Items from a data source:
====

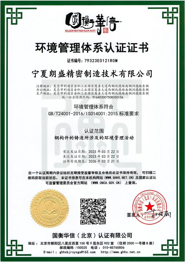 环境管理体系认证证书
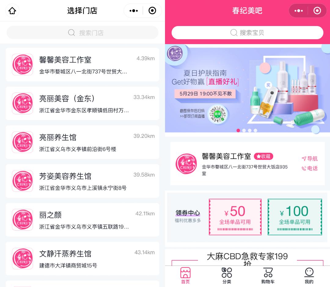 另外,兼具实体门店的品质背书、传统电商24h购物功能、社区电商2h返送功能的春纪美吧,还拥有社交电商的直播功能,6月还将上线合伙人分销制度。
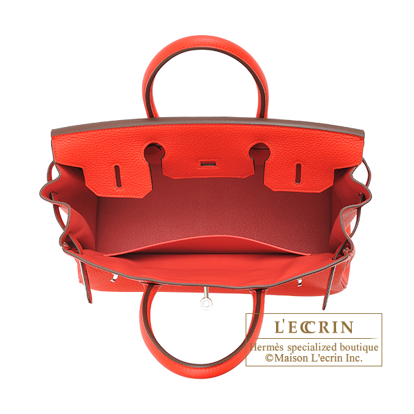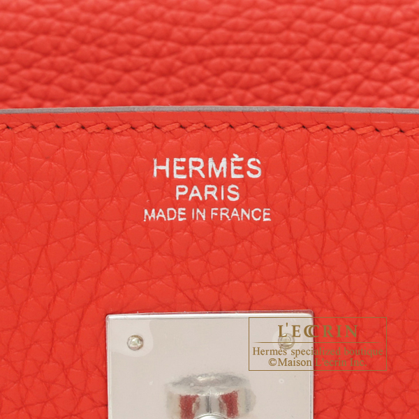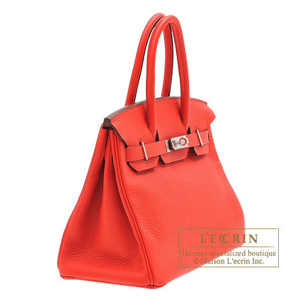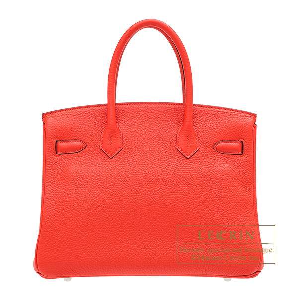 Hermes Birkin bag 30 Rouge tomate Clemence leather Silver hardware
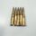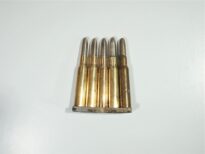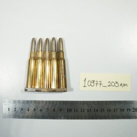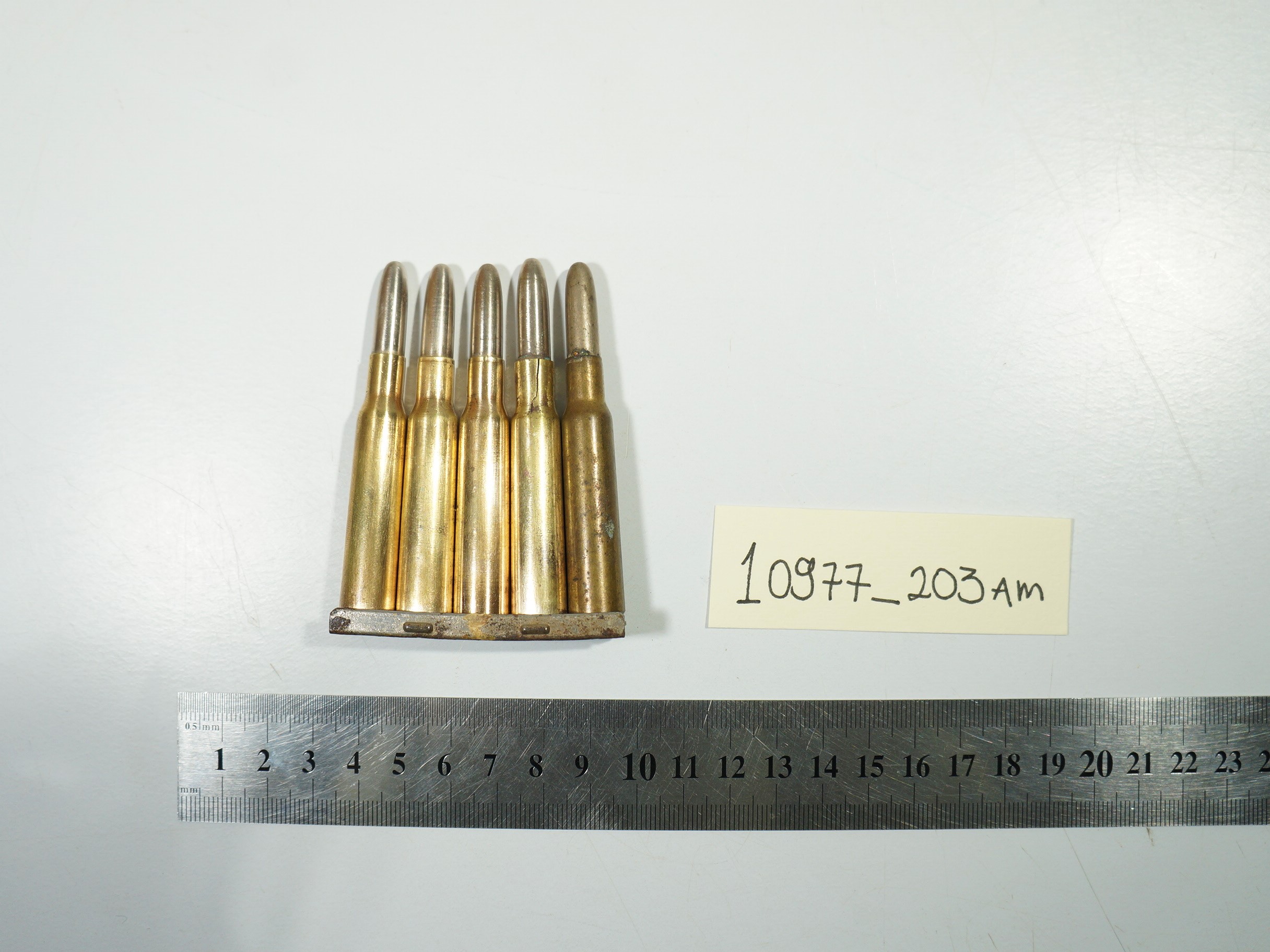 Conjunto composto por cinco cartuchos de fuzil organizados em um clipe de carregamento. Os estojos dos cartuchos são feitos de latão, com coloração dourada envelhecida, e os projéteis são metálicos e pontiagudos. O clipe é metálico, com sinais de oxidação e desgaste.
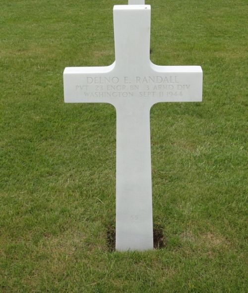 Pvt Delno E. Randall was first buried at the Temporary American Military Cemetery of Fosse, Belgium.Source of information: Peter Schouteten, Carla Mans, www.abmc.gov, www.wwiimemorial.com, www.ancestry.com - U.S., Headstone and Interment Records for U.S. Military Cemeteries on Foreign Soil / 1940 Census
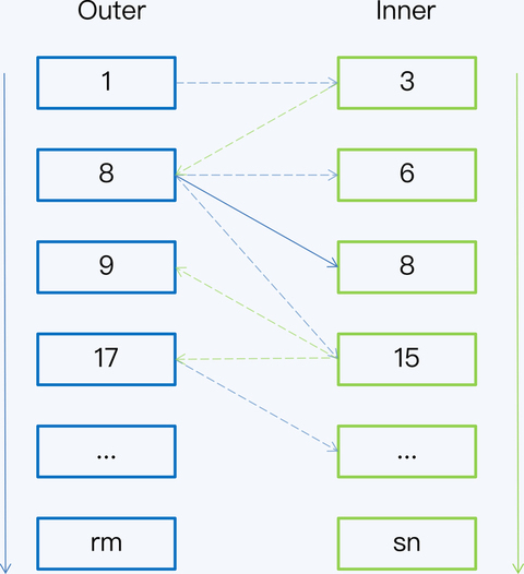 - 第二阶段就是归并,因为两张表已经按照同样的顺序排列,所以 Outer 表和 Inner 表各一次循环遍历就能完成比对工作了。
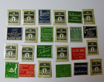 Lot reklame frimærkepenge, 1 øre Danmark, i alt 24 stk.
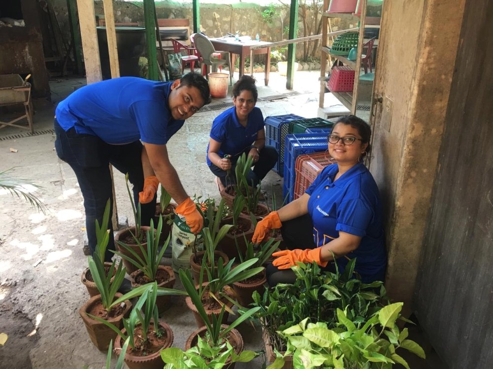 The Ardmore reps arrived in 2 batches, one at 13:30 hrs while the other at 14:15 hrs. The owners dynamically participated in activities like laundry, chopping of vegetables and gardening with a good sense of humour. Later on, they enjoyed coconut daab along with the tender coconut meat arranged for them as refreshments. All of these activities witnessed a true sense of team work among the owners and ANAVI volunteers as each one identified and took up responsibilities voluntarily.
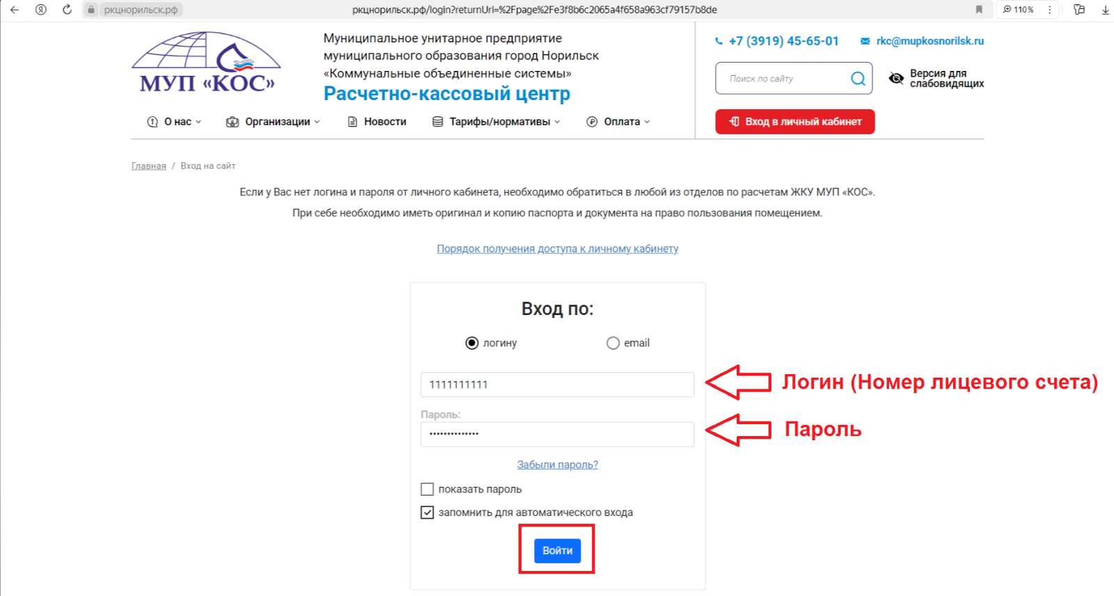 Введите логин и пароль в соответствующие поля и нажмите кнопку «Войти»:
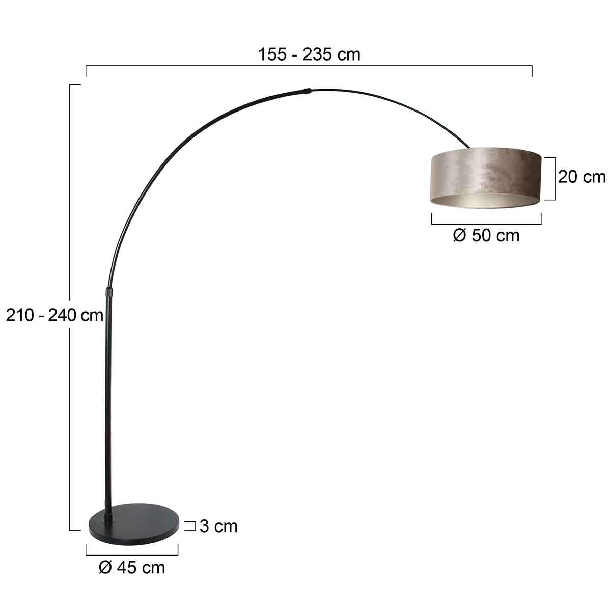 Grote Booglamp uit de Sparkled Light serie, wordt geleverd met zilveren velours kap met een doorsnede van 50 centimeter en 20 centimeter hoog. Het armatuur is vervaardigd uit geborsteld staal met een zwarte kleurtoon en voorzien van een E27 fitting, geschikt voor alle type lichtbronnen tot 60 watt. Door de verschillende verstel mogelijkheden kunt u precies licht geven daar waar u het wilt. De maximale hoogte van de lamp is 230 centimeter. De maximale uitschuiflengte is 190 centimeter (zonder kap). Wordt geleverd met snoer van 320 centimeter met vloerschakelaar. Bestel de 8128ZW vloerlamp nu online met de service en garantie bij lampbestellen.nl
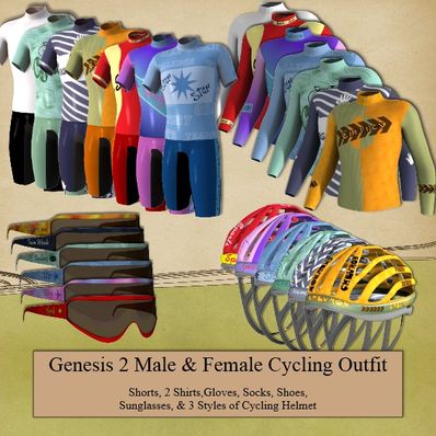 G2M & G2F Cycling Outfit Part 2 Cycling Outfit for Genesis 2 Male & Female for use in Daz Studio 4.6.
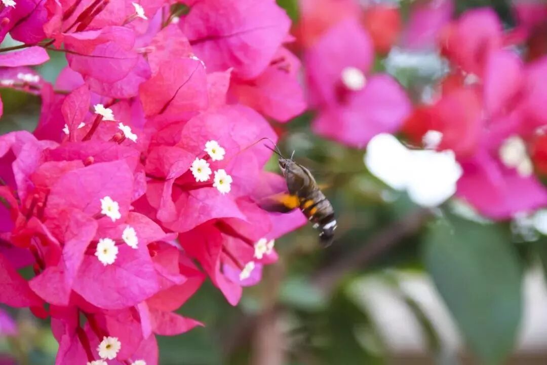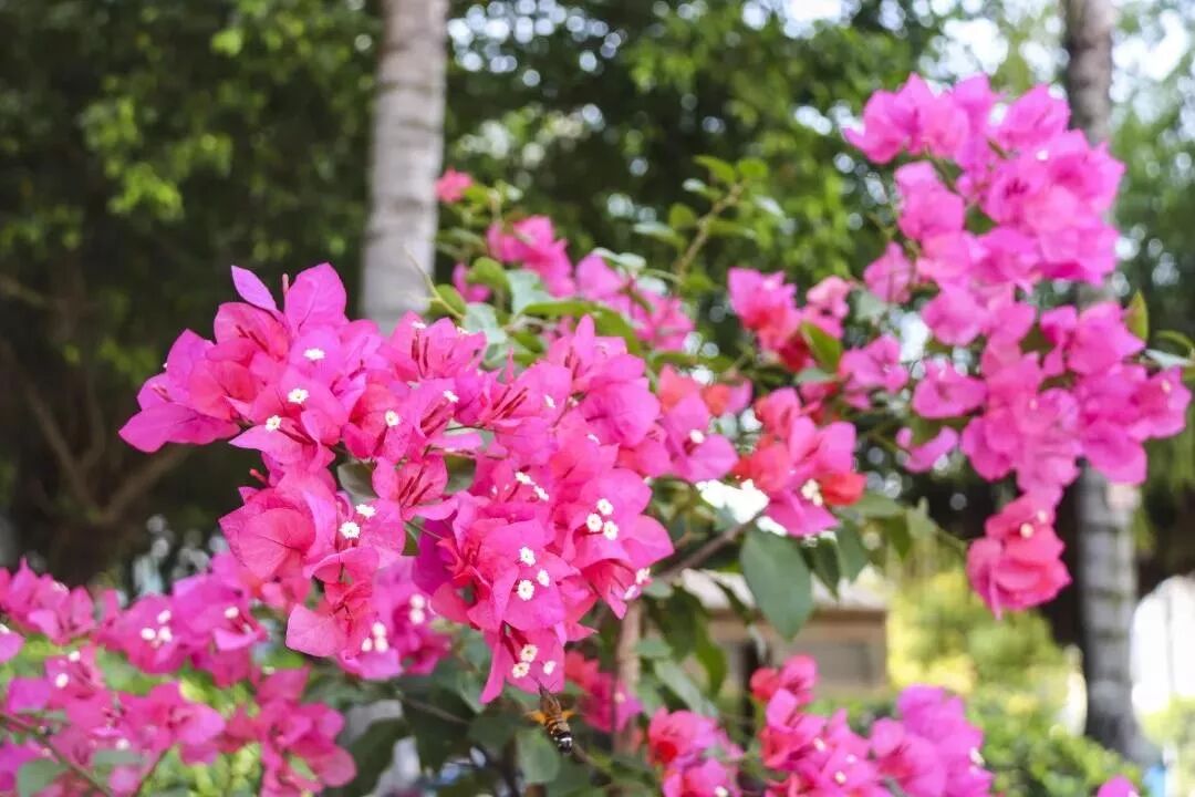 三角梅开放起来红得惹眼,但这红彤彤的“花”呀其实并非它的花,而是花苞片。三角梅真正的花是这小白花,顶生于枝端,每个苞片上都生有一朵小花。苞片上还保留了叶脉的纹路。
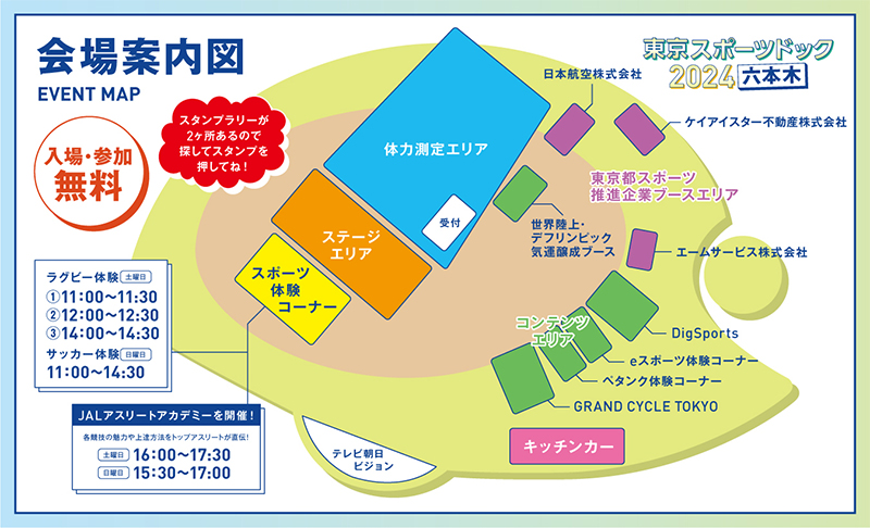 体力測定等を通じて体の状況を把握し、スポーツの継続的な実施や健康増進を目指すイベント「東京スポーツドック2024」を、六本木ヒルズアリーナで開催します。会場では、体力・体組成測定のほか、子供から高齢者まで、スポーツの楽しさを体感できるプログラムを実施します。ご来場をお待ちしております!
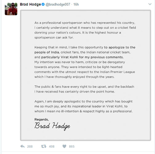 এই মুহূর্তে ভারতে তিনি। গুজরাত লায়ন্সের কোচ। বুঝতে পেড়েছেন নিজের মন্তব্য কতটা খারাপ ছিল। তাই ক্ষমা চাইতেও পিছপা হলেন না তিনি। আর ক্ষমা চাওয়ার জন্য তিনি বেছে নিলেন টুইটারকেই। ঠিক যে ভাবে বিরাট কোহালি তাঁর বক্তব্যের সপক্ষে যুক্তি দিতে বেছে নিয়েছেন টুইটারকে। তিনি টুইটারে বিরাটকে ওই মন্তব্যের জন্য ক্ষমা চেয়ে রীতিমতো চিঠি লিখে ফেলেছেন। যেখানে লেখা রয়েছে, ‘‘কাউকে আঘাত করা আমার লক্ষ্য ছিল না।’’ বিরাটের চোট নিয়ে গ্লেন ম্যাক্সওয়েলও একইরকম মন্তব্য করেছিলেন। ব্র্যাড হজ ক্ষমা চাওয়ায় মজা করে ভারতের স্পিনার রবিচন্দ্রন অশ্বিন ৩০ মার্চকে, ‘‘বিশ্ব ক্ষমা চাওয়ার দিন’ বলে ঘোষণা করেছেন।
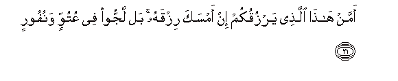 21. Au ni nani huyo ambaye atakupeni riziki kama Yeye akizuia riziki
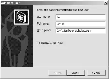 The directions in this section assume that your network is set up as a workgroup. If you have already set up your network as a domain, as we describe in Chapter 4, you do not need to follow the instructions here for adding a local user on the Windows XP client system. Simply log on to the domain from the client using a username and password in Samba's smbpasswd account database, and continue with the next section, Section 3.5.5.
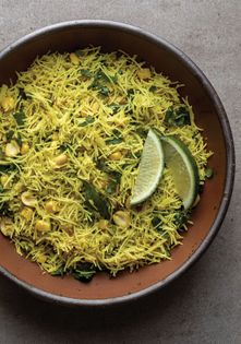 This recipe brings back memories of a dish my bā (paternal grandmother) made frequently for breakfast or a snack. Vermicelli upmā itself is a common South Indian dish made from thin rice or semolina noodles. My bā’s spin on it always included corn, which is the perfect addition to these pleasantly tangy and nutty noodles. You can also add other veggies, such as carrots and peas, if you wish.
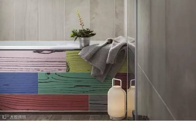 如果你也喜欢木质地带来的纹理和温润质感,不如考虑在浴室铺上木纹砖地面吧!也可以在浴缸外贴上仿旧彩色木纹砖,多彩的颜色搭配让洗澡的心情更加愉悦缤纷!
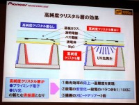佐久間氏によると、この問題の解決に大きく寄与したのが「高純度クリスタル層」で、「技術自体は昨年のモデルから搭載したものだが、これがフルHDの基礎となった。リブの上にある高純度クリスタル層が、プライミング電子や紫外線の新たな供給源となり、発光効率の向上、放電の安定化、描画のスピードアップの3つのメリットをもたらした」。
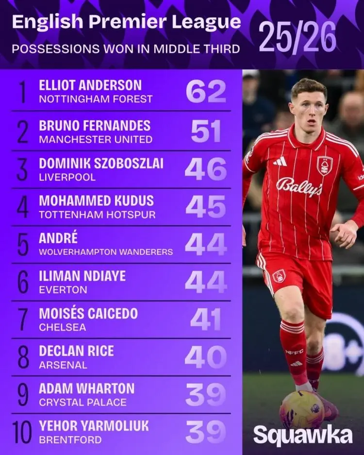 Squawka統(tǒng)計了本賽季球員在英超中場區(qū)域(中場三區(qū))奪得球權(quán)的次數(shù),并列出榜單,域奪安德森62次居首,得球B費(fèi)、權(quán)榜索博斯洛伊排名二三位。安德

====

PROBLEM TO WORK ON | Transcribe each line above verbatim, with the pictures left out.

EXERCISE ANSWER |
 环境管理体系认证证书
 另外,兼具实体门店的品质背书、传统电商24h购物功能、社区电商2h返送功能的春纪美吧,还拥有社交电商的直播功能,6月还将上线合伙人分销制度。
 Hermes Birkin bag 30 Rouge tomate Clemence leather Silver hardware
 Conjunto composto por cinco cartuchos de fuzil organizados em um clipe de carregamento. Os estojos dos cartuchos são feitos de latão, com coloração dourada envelhecida, e os projéteis são metálicos e pontiagudos. O clipe é metálico, com sinais de oxidação e desgaste.
 Pvt Delno E. Randall was first buried at the Temporary American Military Cemetery of Fosse, Belgium.Source of information: Peter Schouteten, Carla Mans, www.abmc.gov, www.wwiimemorial.com, www.ancestry.com - U.S., Headstone and Interment Records for U.S. Military Cemeteries on Foreign Soil / 1940 Census
 - 第二阶段就是归并,因为两张表已经按照同样的顺序排列,所以 Outer 表和 Inner 表各一次循环遍历就能完成比对工作了。
 Lot reklame frimærkepenge, 1 øre Danmark, i alt 24 stk.
 The Ardmore reps arrived in 2 batches, one at 13:30 hrs while the other at 14:15 hrs. The owners dynamically participated in activities like laundry, chopping of vegetables and gardening with a good sense of humour. Later on, they enjoyed coconut daab along with the tender coconut meat arranged for them as refreshments. All of these activities witnessed a true sense of team work among the owners and ANAVI volunteers as each one identified and took up responsibilities voluntarily.
 Введите логин и пароль в соответствующие поля и нажмите кнопку «Войти»:
 Grote Booglamp uit de Sparkled Light serie, wordt geleverd met zilveren velours kap met een doorsnede van 50 centimeter en 20 centimeter hoog. Het armatuur is vervaardigd uit geborsteld staal met een zwarte kleurtoon en voorzien van een E27 fitting, geschikt voor alle type lichtbronnen tot 60 watt. Door de verschillende verstel mogelijkheden kunt u precies licht geven daar waar u het wilt. De maximale hoogte van de lamp is 230 centimeter. De maximale uitschuiflengte is 190 centimeter (zonder kap). Wordt geleverd met snoer van 320 centimeter met vloerschakelaar. Bestel de 8128ZW vloerlamp nu online met de service en garantie bij lampbestellen.nl
 G2M & G2F Cycling Outfit Part 2 Cycling Outfit for Genesis 2 Male & Female for use in Daz Studio 4.6.
 三角梅开放起来红得惹眼,但这红彤彤的“花”呀其实并非它的花,而是花苞片。三角梅真正的花是这小白花,顶生于枝端,每个苞片上都生有一朵小花。苞片上还保留了叶脉的纹路。
 体力測定等を通じて体の状況を把握し、スポーツの継続的な実施や健康増進を目指すイベント「東京スポーツドック2024」を、六本木ヒルズアリーナで開催します。会場では、体力・体組成測定のほか、子供から高齢者まで、スポーツの楽しさを体感できるプログラムを実施します。ご来場をお待ちしております!
 এই মুহূর্তে ভারতে তিনি। গুজরাত লায়ন্সের কোচ। বুঝতে পেড়েছেন নিজের মন্তব্য কতটা খারাপ ছিল। তাই ক্ষমা চাইতেও পিছপা হলেন না তিনি। আর ক্ষমা চাওয়ার জন্য তিনি বেছে নিলেন টুইটারকেই। ঠিক যে ভাবে বিরাট কোহালি তাঁর বক্তব্যের সপক্ষে যুক্তি দিতে বেছে নিয়েছেন টুইটারকে। তিনি টুইটারে বিরাটকে ওই মন্তব্যের জন্য ক্ষমা চেয়ে রীতিমতো চিঠি লিখে ফেলেছেন। যেখানে লেখা রয়েছে, ‘‘কাউকে আঘাত করা আমার লক্ষ্য ছিল না।’’ বিরাটের চোট নিয়ে গ্লেন ম্যাক্সওয়েলও একইরকম মন্তব্য করেছিলেন। ব্র্যাড হজ ক্ষমা চাওয়ায় মজা করে ভারতের স্পিনার রবিচন্দ্রন অশ্বিন ৩০ মার্চকে, ‘‘বিশ্ব ক্ষমা চাওয়ার দিন’ বলে ঘোষণা করেছেন।
 21. Au ni nani huyo ambaye atakupeni riziki kama Yeye akizuia riziki
 The directions in this section assume that your network is set up as a workgroup. If you have already set up your network as a domain, as we describe in Chapter 4, you do not need to follow the instructions here for adding a local user on the Windows XP client system. Simply log on to the domain from the client using a username and password in Samba's smbpasswd account database, and continue with the next section, Section 3.5.5.
 This recipe brings back memories of a dish my bā (paternal grandmother) made frequently for breakfast or a snack. Vermicelli upmā itself is a common South Indian dish made from thin rice or semolina noodles. My bā’s spin on it always included corn, which is the perfect addition to these pleasantly tangy and nutty noodles. You can also add other veggies, such as carrots and peas, if you wish.
 如果你也喜欢木质地带来的纹理和温润质感,不如考虑在浴室铺上木纹砖地面吧!也可以在浴缸外贴上仿旧彩色木纹砖,多彩的颜色搭配让洗澡的心情更加愉悦缤纷!
佐久間氏によると、この問題の解決に大きく寄与したのが「高純度クリスタル層」で、「技術自体は昨年のモデルから搭載したものだが、これがフルHDの基礎となった。リブの上にある高純度クリスタル層が、プライミング電子や紫外線の新たな供給源となり、発光効率の向上、放電の安定化、描画のスピードアップの3つのメリットをもたらした」。
 Squawka統(tǒng)計了本賽季球員在英超中場區(qū)域(中場三區(qū))奪得球權(quán)的次數(shù),并列出榜單,域奪安德森62次居首,得球B費(fèi)、權(quán)榜索博斯洛伊排名二三位。安德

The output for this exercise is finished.